Tuesday 6 September 2011

Turner's Take on the Temeraire


Today in 1838 HMS Temeraire, one of the ships which fought Napoleon at Waterloo, was towed along the Thames to be destroyed at a breaker’s yard in Rotherhithe – and artist  JMW Tuner was on hand to record the scene.  Aboard a steamer he made preliminary sketches for what became his most famous and best loved painting, The Fighting Temeraire Tugged to Her Last Berth to Be Broken Up.

The Fighting Temeraire Tugged to Her Last Berth to Be Broken Up.
He created an image we all know, a three-masted ghost ship, bleached of all colour, pulled by a dark steam tug on water which reflects the glorious reds, yellows and oranges of sunset, echoing the smoke and fire of battle. The picture symbolises the end of era, the passing of the age of sail, and the emergence of a new, powerful age of steam.

The reality was a little different because the day was actually dull and cloudy so, presumably, the wonderful sunset was unlikely – and, since the ship was towed upriver, the sunset is, apparently, in the wrong place. In addition, by the time she was towed away HMS Temeraire had  no mast or rigging left: she was a hulk, left lying in Chatham Dockyard after being used first as a prison ship and then as a receiving ship for newly recruited sailors.

It was a sad end for the 98-gun second rate ship-of-the-line (a small warship) which had been badly damaged during the Battle of Trafalgar in 1805 where her crew captured one French ship and were involved in the surrender of another. Turner used the individual history of one ship to portray the decline of an entire fleet, and it seems to have touched a nerve with the public as, unlike much of his work, it was popular from the very beginning.

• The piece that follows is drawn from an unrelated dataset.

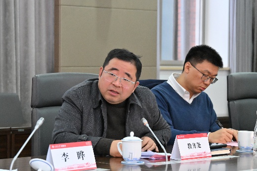 王健在会上介绍了学校推进习近平新时代中国特色社会主义思想课程群建设的相关工作举措以及相应组织保障机制和政策支持的优化方案。包括深化课程体系构建、教学资源开发、数智教学革新、实践育人融通、协同创新联盟等“五大工程”,以及相应组织与保障机制的优化方案。

 For Joseph Malord William Turner, acclaimed today as an innovative ‘Painter of Light’ who paved the way for the Impressionists, was often scorned in his own time (especially for his later work). The critic and writer John Ruskin was a great fan, but many of Turner’s paintings were as controversial as the works of modern artists who vie for success in the competition which bears his name. Turner Prize entries like Damien Hirst's The Physical Impossibility of Death in the Mind of Someone Living or Tracey Emin’s My Bed sparked outrage and fury, just as some critics condemned Turner. Rev John Eagles in Blackwood’s Magazine accused him of doing ‘mischief’ to art, while the Times writer mentioned his ‘detestable absurdities’.

Hirst’s shark in formaldehyde and Emin’s unmade bed may seem a long way from Turner’s light-filled canvasses, but all three were trying to portray their ideas about life and the world around them in a new and different way. Turner ignored the 18th and 19th century conventions about what and how to paint and experimented, using water colour techniques with oils to achieved the effect he wanted as he tried to capture the elusive luminosity and transparency of light. He was fascinated by light, which seems to have some kind of spiritual element for him, and on his death bed, in 1851, is supposed to have said: “The sun is God.”

Turner's self portrait, painted in 1798
In 1898, some fifty years after Turner's death, the  poet Henry Newbolt, paid his own tribute when he wrote The Fighting Temeraire.  You can fnd the full poem at http://poetry.poetryx.com/poems/15899/ but I've included part of it here:

Now the sunset breezes shiver

Temeraire! Temeraire!

And she's fading down the river.

Temeraire! Temeraire!
Now the sunset Breezes shiver
And she's fading down the river,
But in England's song for ever
She's the Fighting Temeraire. 


Why not mark the day by painting a picture of your own? Or make a paper boat...   

1 comment:

  1. What a fascinating little tid-bit of history I never knew about! This was a delightful read ~ maybe I will go make me a paper boat!!